Regardless of how he felt personally about my promos, Flair was a pleasure to work with. I truly enjoyed every one of our matches. We had some very solid encounters. How could I not love a match when I was in there with one of the best performers in the world?

But I paid a price for those matches. One night I went over the top rope in a match with Sting and hit the rail outside, cracking my sacrum. It wasn’t anybody’s fault, just a bad landing. I ended up riding around on a plane every day going from town to town, and I couldn’t sit on the plane, except foi takeoff and landing. The only way I could stand it was to kneel on my seat, facing the person behind me.

I also had a nasty staph infection. I had torn my bursa, and my elbow swelled to the size of a baseball. 1 got myself some needles from a veterinarian in Amarillo and drained the damn thing myself, every night. I was thinking I was some kind of doctor, but I was almost Doctor Kevorkian, because I almost eliminated myself. While draining the fluid out, I was letting germs in, and the result was a staph infection. I just didn’t feel like I had the time to go to a real doctor about it, but Dr. Funk ended up putting me out of action for a couple of weeks. He wasn’t one of my better characters.

When I went into shock from it, Paul E. was the one who took me to the hospital. They operated on me, and it was quite a deal. But Paul E. was there for me, when everybody was gone, and he stayed with me. No one else did.

What heat was left after I toned down my interviews for the last couple of weeks built up to a main-event match at the July pay per view, the Great American Bash ‘89. And what I’d said must have done the trick, because the show was a sellout in Baltimore, and it drew the best gate for a live show the company ever had, until 1996.

I had announced a big surprise for Flair, which turned out to be Gary Hart as my manager. Again, I was given a mouthpiece, even though everyone in the company knew I could talk on my own. Why? Hell, I don’t know. Ask Jim Herd—or maybe the booking committee!

Gary was a good manager, though. Managers have all but disappeared today, but there used to be a role for a guy who couldn’t wrestle but who could talk for a wrestler with limited verbal skills. The best I ever saw was “Wild” Red Berry, who managed the Fabulous Kangaroos. They came through Amarillo when I was a kid, and I was fascinated by him. He threw around big words, half of which weren’t even real words! Where he got them from, nobody knows. He mixed in a lot of condescension and made himself a very hated man among wrestling fans.

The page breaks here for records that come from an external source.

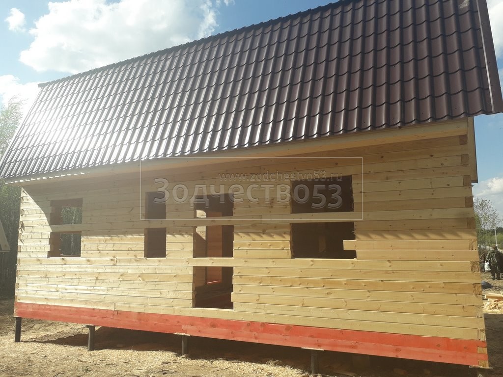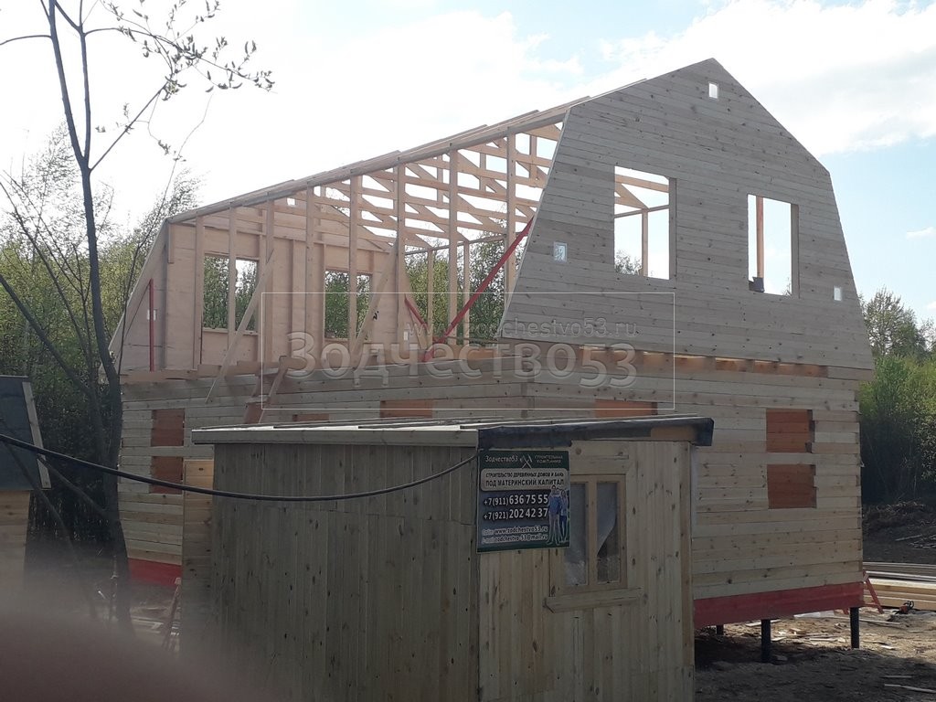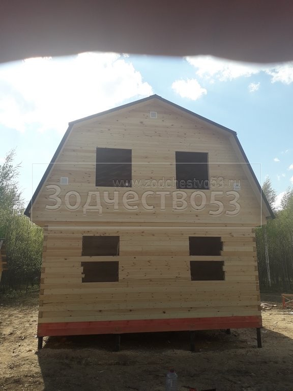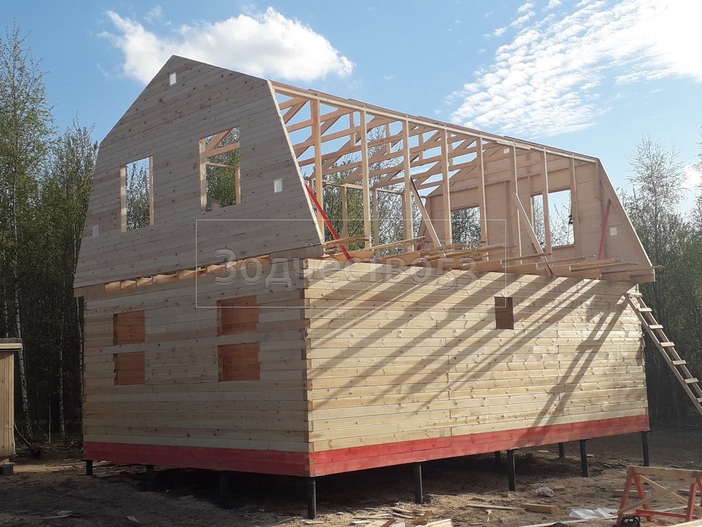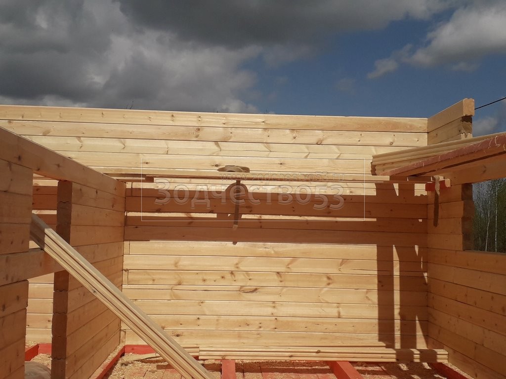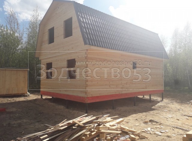 Сруб дома ,общими размерами 6.0*9.0 из профилированного бруса 100*150(прямой) под ломанной крышей.Объект построен: Московская обл., Раменский р-он, с/п Ганусово, д.Вишняково, ул. Малиновая ,уч. 15.
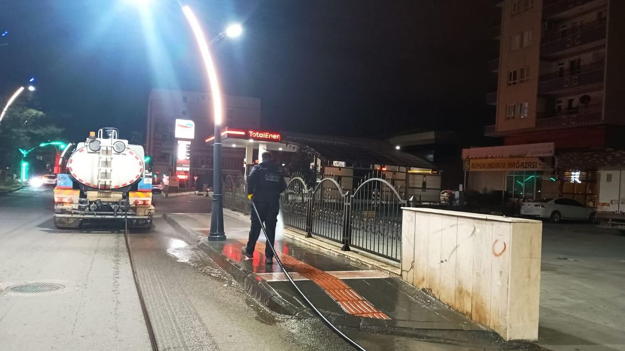 Özellikle toplu taşıma araçlarının yoğun şekilde kullanıldığı bu bölgede, otobüs durakları, oturma bankları ve kaldırımlar da dezenfektanlı su ile yıkanarak hijyenik hale getirildi.
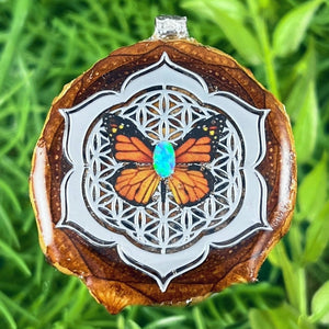 Our handmade pendants are crafted from sustainably wild-gathered Knobcone Pinecones. Every Aura Pinecone is carefully dried, aged, and cross-sectioned before being meticulously designed.

Another one who was really good was J.C. Dykes, who managed the tag team of The Infernos. The Masked Infernos, in their blue outfits, were Frankie Cain and Rocky Smith. They were really talented guys, and that gimmick was really over for a long time in Florida, because they knew how to get heat, and so did J.C. He did all the talking, which created a kind of mystique about the Infernos.

In 1989, Gary Hart was also managing Keiji Muto, who wrestled as “The Great Muta.” He was a hell of a talent, but was kind of standoffish with me at first, since I’d been an All Japan man for years and years, and he was someone Inoki was grooming for stardom in New Japan. Maybe he had a sense of, “What is Funk going to do to me?”